Vortex states were also addressed in the 2D version of the setting, whose linearized form gives rise to the collapse at all positive values of $U_0$. In that case, the cubic self-repulsion in GPE is not sufficient to suppress the collapse [7]. A physically relevant alternative is provided by the quartic term, which is produced by the Lee-Huang-Yang effect, i.e., a correction to the MF theory induced by quantum fluctuations [27]. To this end, one may consider a binary BEC in which the MF self-repulsion in each component is (almost) precisely balanced by the inter-component attraction [28,29]. The resulting amended GPE predicts self-trapped states in the form of quantum droplets, which have been observed experimentally with quasi-2D [30,31] and full 3D [32,33] shapes in binary BECs with the contact interactions, as well as in dipolar BECs with long-range interactions between atomic magnetic dipole moments [34,35].

In the present context, the corresponding 2D GPE takes the form of Equation (5), with term ${\left|\psi \right|}^2\psi$ replaced by ${\left|\psi \right|}^3\psi$ [36], leading to the solution for the wave function with the following asymptotic form at $r\to 0$, which replaces the collapsing solution of the 2D linear equation:

$$\psi \approx {\left[\frac{1}{2}\left(U_m+\frac{4}{9}\right)\right]}^{1/3}{e}^{i\mu t-im\phi }{r}^{-2/3},U_m\equiv U_0-m^2$$

(19)

(cf. expression (16) at $r\to 0$ and Equation (12)), where $\left(r,\phi \right)$ are the 2D polar coordinates, and integer m is the vorticity.

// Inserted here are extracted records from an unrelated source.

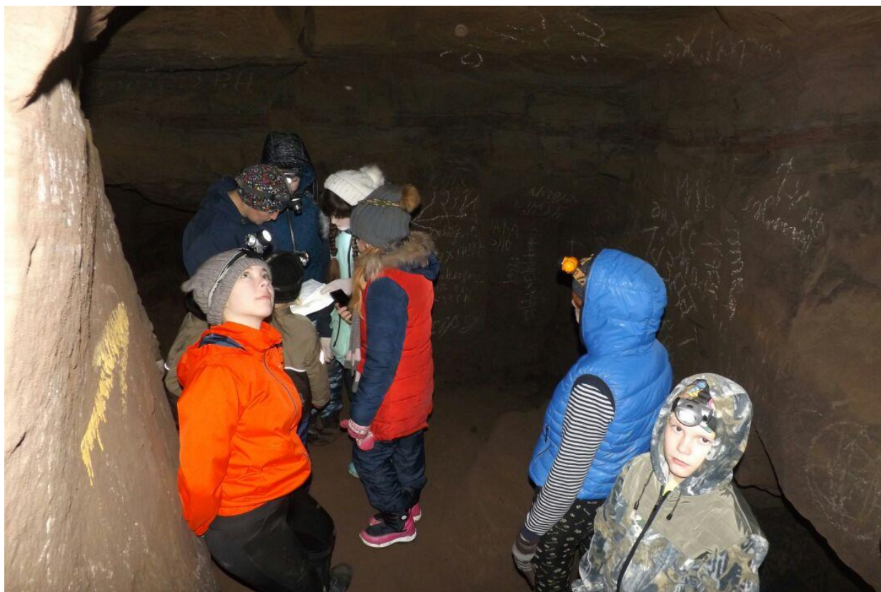
8. Зеленоватые прожилки – напоминание о добыче медной руды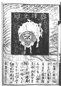
八隅蘆庵『旅行用心集全』(部分) (田中コレクション)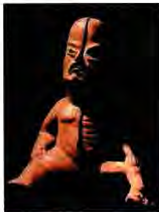
Расми 207. Таълимоти фалсафии америкониёни қадим ва асрҳои миёна дар бораи дугунагии дониш.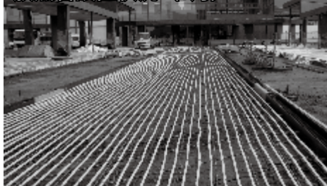
放熱管設置状況 (8月)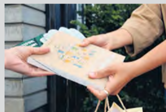
Z odovzdávania hlavnej ceny

Správnou tajničkou zasielajte do 20. júla na nemsovsky.spravodajca@gmail.com alebo cez aplikáciu mesta Nemšová prostredníctvom domény "Napište nám". Traja z vás vás získajú skvelý letný darček.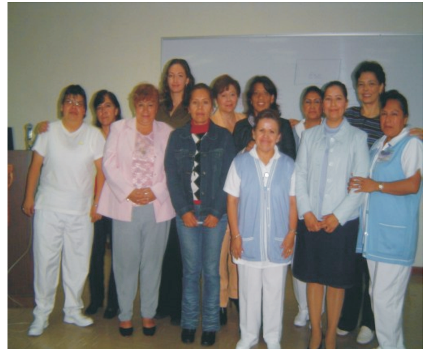
Participantes en un curso dirigido a integrantes de organizaciones no gubernamentales, organizado por el CENATRA para promover la formación de líderes promotores de la donación de órganos.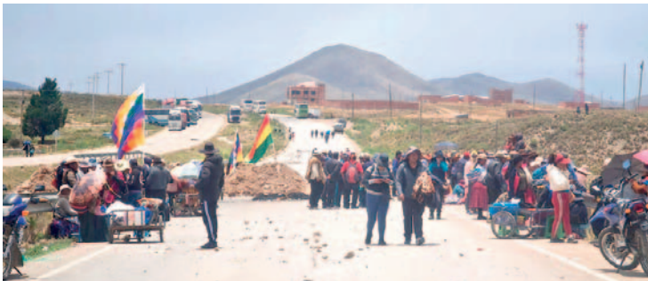
Bloqueo de carreteras persisten en el país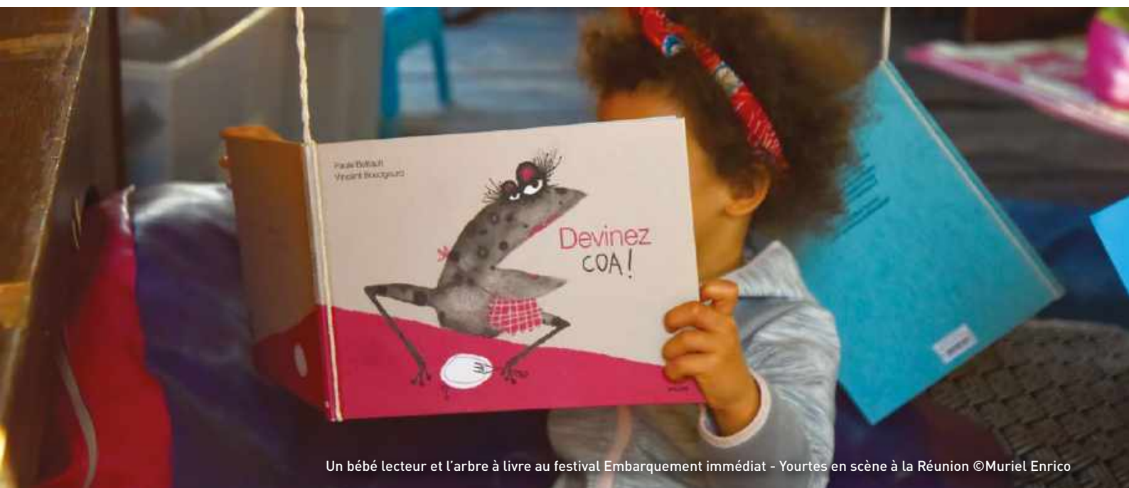
Un bébé lecteur et l'arbre à livre au festival Embarquement immédiat - Yourtes en scène à la Réunion

Le CNL a été visible, avec plus de 180 citations dans la presse soit 30 % des articles contre 47 % l'année dernière. Cette baisse peut s'expliquer par l'absence de conférence de presse et d'un lancement à Paris, ou tout autre moment institutionnel fort pour incarner l'institution organisatrice. Le partenariat avec Le Figaro a été bénéfique pour lancer la notoriété de la fête, à une semaine du lancement, quand la presse quotidienne nationale a délaissé la manifestation pour des sujets « plus chauds » : coronavirus, plan de relance et remaniement ministériel.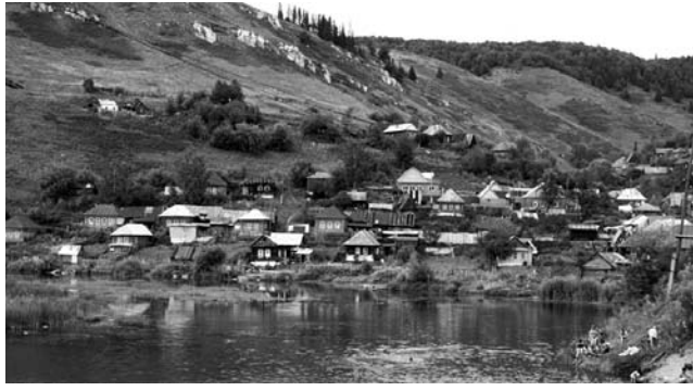
Смуцал я сердце майским эхом грома, Чтоб снились мне старинный городок И белая черёмуха у дома.

Влюблён я с детства в горный уголок, Где каждая дорожка мне знакома, И в маленький старинный городок С цветущей черёмухой у дома. Влюблён я с детства в крики журавлей И в щебет птиц, поющих дружным хором, А дом и двор казались мне милей От лёгких кур под стареньким забором. И где-то вновь у тёплого костра Встречал я ночь, прикрывшись тишиной, Где соловьи до самого утра Как будто в душу плакали весною. И вдалеке от солнечных дорог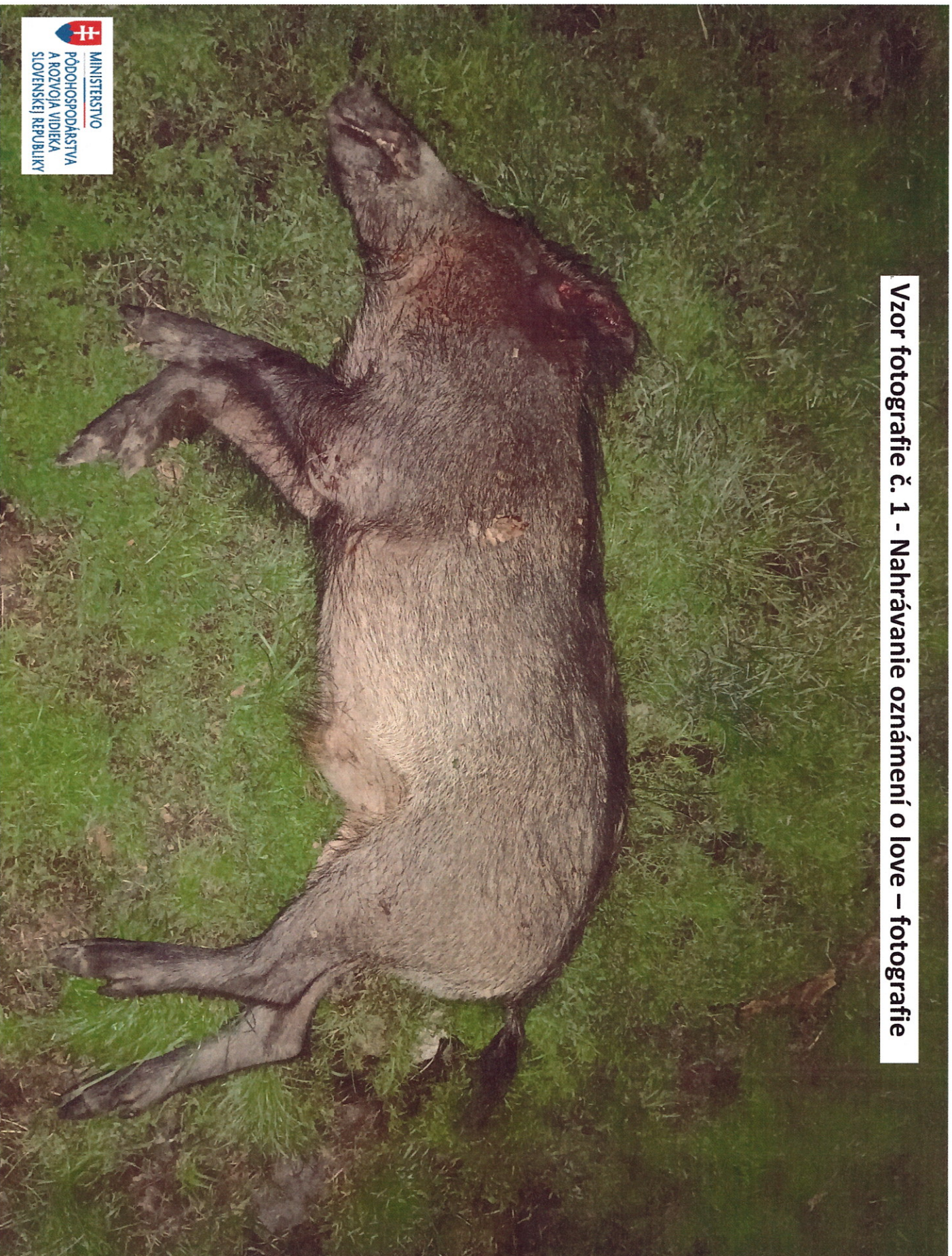
Vzor fotografie č. 1 - Nahrávanie oznámení o love – fotografie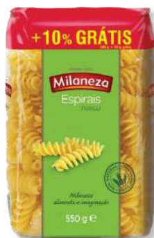
MASSA MILANEZA ESPIRAIS 500G+10%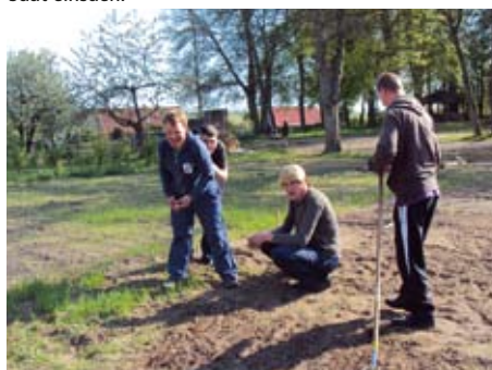
Bis wir Kräuter ernten können, wird es noch dauern.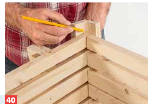
40 Auch diese Winkel mit etwas Übermaß herstellen; die Länge passen Sie unmittelbar an der Bank an.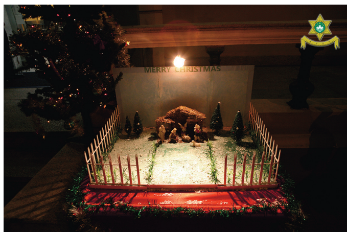
O presépio do Comissariado do n.º 2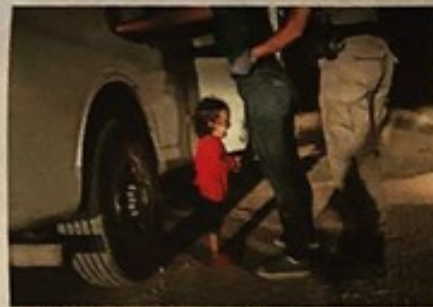
▲ De World Press Photo of the Year 2018.

Pieter ten Hoopen opent de expositie vrijdagavond en is op dezelfde avond ook te gast bij RUW, Hinthamerstraat 72-74, waar hij vertelt over zijn werk.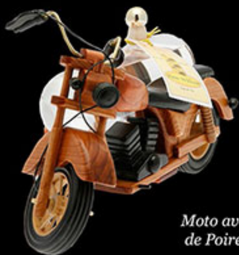
Moto avec Eau de Vie de Poire William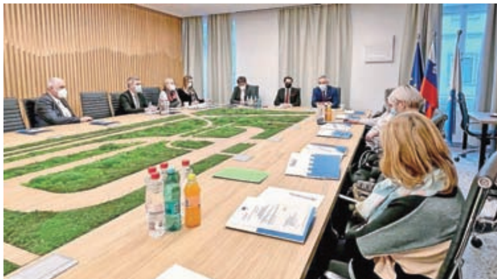
Na šesti redni seji Sosveta starejših Občine Tržič je sodeloval tudi minister Janez Cigler Kralj.

V okviru regijskega obiska vlade je bilo v Tržiču tudi srečanje ministra za javno upravo Boštjana Koritnika in državne sekretarke Urške Ban z župani gorenjske statistične regije. Gostitelj tržiški župan Borut Sajovic je opozoril na problematiko učinkovitosti pri izdaji gradbenih dovoljenj. "Prosimo za pomoč in dodatne zaposlitve na Upravni enoti Tržič,

Note that the 2D norm of this wave function with the acceptable singularity $r^{-2/3}$ converges at $r\to 0$. A nontrivial problem is stability of the 2D vortex bound states corresponding to the asymptotic form (19), which exist under the condition of $U_0>m^2-4/9\equiv {\left(U_0\right)}_{min}$. Surprisingly, this problem admits an exact solution: the vortex states with $m\ge 1$ are stable provided that $U_0>(7/9)\left(3m^2-1\right)\equiv {\left(U_0\right)}_{\mathrm{stability}}$, the GS with $m=0$ being stable too [36]. Note that, for all $m\ge 1$, ${\left(U_0\right)}_{\mathrm{stability}}$ exceeds ${\left(U_0\right)}_{min}$, hence the 2D vortex states are unstable in the interval of $m^2-4/9<U_0<$$(7/9)\left(3m^2-1\right)$. The dominant instability mode is one which leads to slow drift of the vortex’ pivot off the central point, along a spiral trajectory [36].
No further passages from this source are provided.